The topic on family vacations is always a tricky one to discuss. You will see that personal finance books and speakers/writers look at family vacation expenses with much disdain and its budget would be one of the first things that get axed whenever one is in a difficult financial situation. There are many families that do spend a big part of their budgets on vacations and when left unchecked, it can wreak havoc on one’s finances. I once counseled a couple who wanted to increase their savings and investment fund but found it difficult considering both had substantial incomes. Upon closely looking at their cash flow, I immediately saw the reason for the shortfall—very expensive family vacations. In such extreme cases, I do agree that family vacations should be placed under scrutiny.

However, worldly pressures always prevail upon our senses and we often equate cost with quality and we find ourselves stressed for taking family vacations and therefore have a negative feeling towards it.
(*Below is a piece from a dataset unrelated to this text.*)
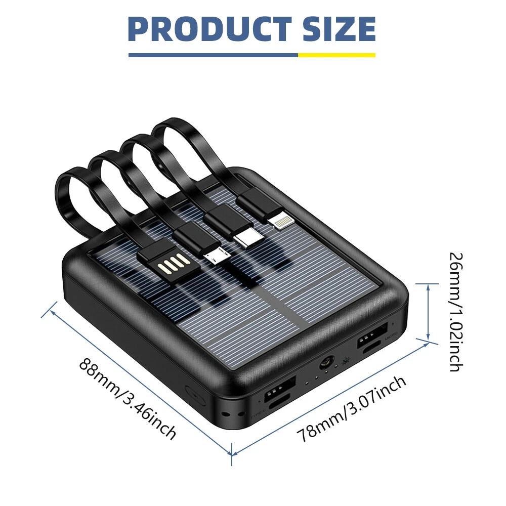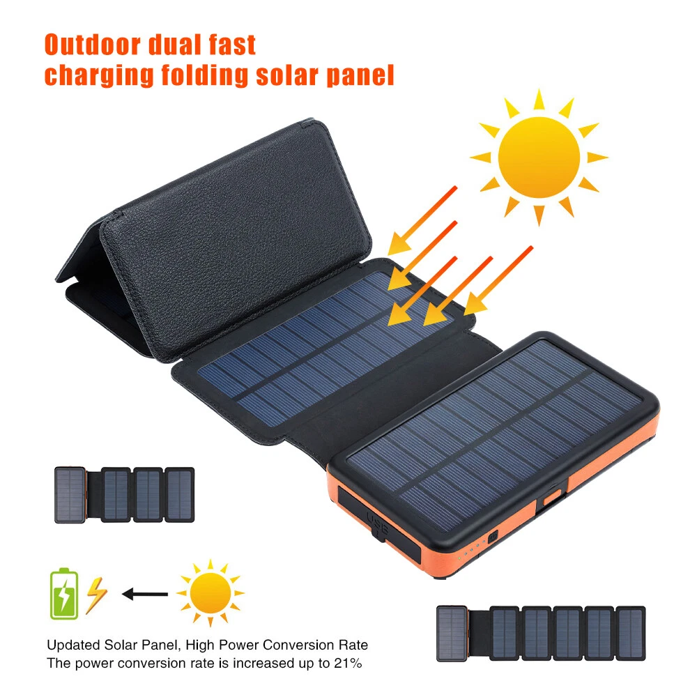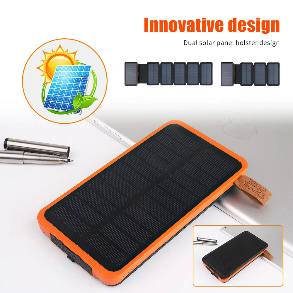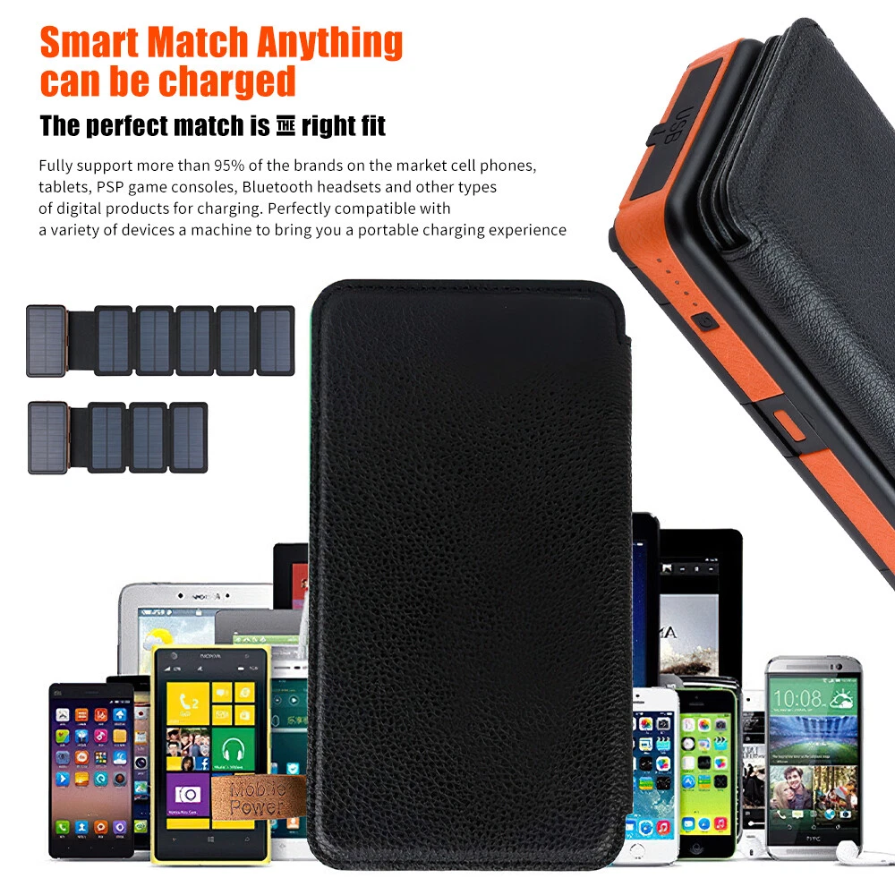 Portable Solar Pow er Bank Mobile Phone Charger Panel Waterproof Outdoor Camping Feat ure : 【46800mAh Solar Powerbank 】 4 68 00mAh high capacity external battery provides excellent battery backup for your device, charging Galaxy S8 5 times and other Android devices several times. Suitable for travel, hiking, camping, business trips, etc. 【1+5 in 1 Portable Solar Powerbank】 The solar powerbank with 5 unique foldable solar modules combined to ensure the fastest charging than other single solar powerbank. The one-button design makes it easy to carry these foldable solar panels in multiple situations. It is great for use as. emergency outdoor power supply. (Also supports charging via wall outlet). 【Two USB Outputs + One Micro USB Input】. With the built-in exclusive SmartIC technology chip, our solar charger with two USB outputs (2.1A and 1A) + One Micro USB input 2.1A ,it detects your device to ensure the fastest possible charging speed Through stable charging ( up to 3.1 A total ). It is not possible to charge batteries with ≤ 0.08A. 【Outdoor Powerbank】 There are three LED flashlight functions. Press the on / off button for 3 seconds, work as a flashlight, press the button again, flash as SOS signal light, press the button again, fast flashing strobe light follows SOS light. Designed for camping, hiking, fishing and other outdoor activities. 【What you get】 Delivery contents: 1 * solar power bank, 1 * USB charging cable, 1 * user manual. Specifica tion : Battery capacity: 468 00mAh/20000mAh Battery type: lithium polymer battery. Extended size: 360 * 23mm Folded size: 190 * 114 * 40mm Gross weight: 0.66kg Color: Black Interfaces: Micro USB input: 5V / 2.1A USB output 1: 5V / 2.0A USB output 2: 5V / 2,1A Inclu ded : 1 x 46800mAh/20000mAh solar charger. 1 x USB charging cable 1 x user manual 202 3 Super 20000mAh M ini USB Portable Charger Solar Power Bank For Cell Phone Feat ures : - Portable Power Bank: It comes with iPhone/micro/Type-C charging cables to fit all commonly used devices, a necessity for travel. - Fast Charging: The 2.1A fast charging provides 50% faster charging than before and the smart chips reduce energy consumption and increase power conversion rates. The Li-polymer battery provides a large power capacity and robust cycle life. - 4 in 1 Output Ports: It has one data cable, one mini-cable type C data cable, one iPhone date cable and one USB output port, suitable for all types of mobile phones. - Ultra-thin: This power bank is 10mm thin, portable to carry and store. - Safe and Reliable: Built-in Li-polymer battery, this solar power bank is twice as safe as Li-ion battery chargers. Specific ations : Capacity: 20000mah Input: 5V/2A (max) Output: 5V/2.1A Battery: Lithium Polymer Charging Time: 8-10h Weight: 260 g Pack age : 1x USB Power Bank 1x USB Charger Cable 1x Packing Box

It is sad when we would look at family vacations as obligatory activities rather than opportunities to further strengthen the bonds of the family.

In reality, vacations are perfect opportunities for parents to really bond with their children, and spouse to spouse and sibling to sibling. My fondest memories growing up are those trips I took with my family. My wife, kids and I often reminisce about our vacations. Family vacations are actually excellent investments we make. These are opportune moments to better learn about each other and create memories that will forever be etched in our hearts. We should invest on memories.

Are family vacations an excuse to be financially irresponsible? Nope. Cost does not equate to quality. You can be in a posh island resort or in a nice city in Europe but it doesn’t mean that you are forging bonds with your children if you are distant, pre-occupied and refuse to focus on your family. Likewise, you can just be in the outskirts of Manila swimming in a small pool and devoid of luxuries but you can have a grand time because you know what your priorities are. Here’s a tip: prepare, plan and save for family vacations properly. Be prudent, watch out for promos or try to scour for friends or family who can help you get good deals or even use their facilities for free.

My family and I just spent five glorious days in Palawan, something we never thought we can experience, let alone afford (an unbelievable blessing from the Lord). Thanks to airline promos, I was able to get a booking late last year for a flight for the whole family and spent a fraction of what you would normally spend on fares. I really love how Cebu Pacific comes out with promos; you just need to plan ahead of time and be quick in getting a booking. We were also blessed to get a very good deal for our accommodations at the beautiful Marina Gardens (www.mgelnido.com) in El Nido, Palawan. The owners were very accommodating and very compassionate towards families wanting to spend time together that they gave us really good deals and even helped arrange our transfers and a breath-taking island hopping around El Nido.

When I was updating my Twitter that we were in El Nido, people were amazed since they always associate El Nido as posh and expensive—not so. There are two resorts in El Nido that are very exclusive and very expensive but the other resorts are really inexpensive despite being just as nice, like Marina Gardens.

Yes, our recent family vacation cost a bit more than our usual ones but my wife and I believe in putting money where it counts most, into our relationships. Proper planning, bargain-hunting and creativity allowed us to have a great time and yet not break our piggy banks.

Here’s a thought, spending some money to have better relations with my family will save me more money in the end – we probably will not have to buy the affection of our kids when they are older by buying them more expensive items just to please them. We spend money where it counts, and when it counts the most.

This is Randell Tiongson, signing off.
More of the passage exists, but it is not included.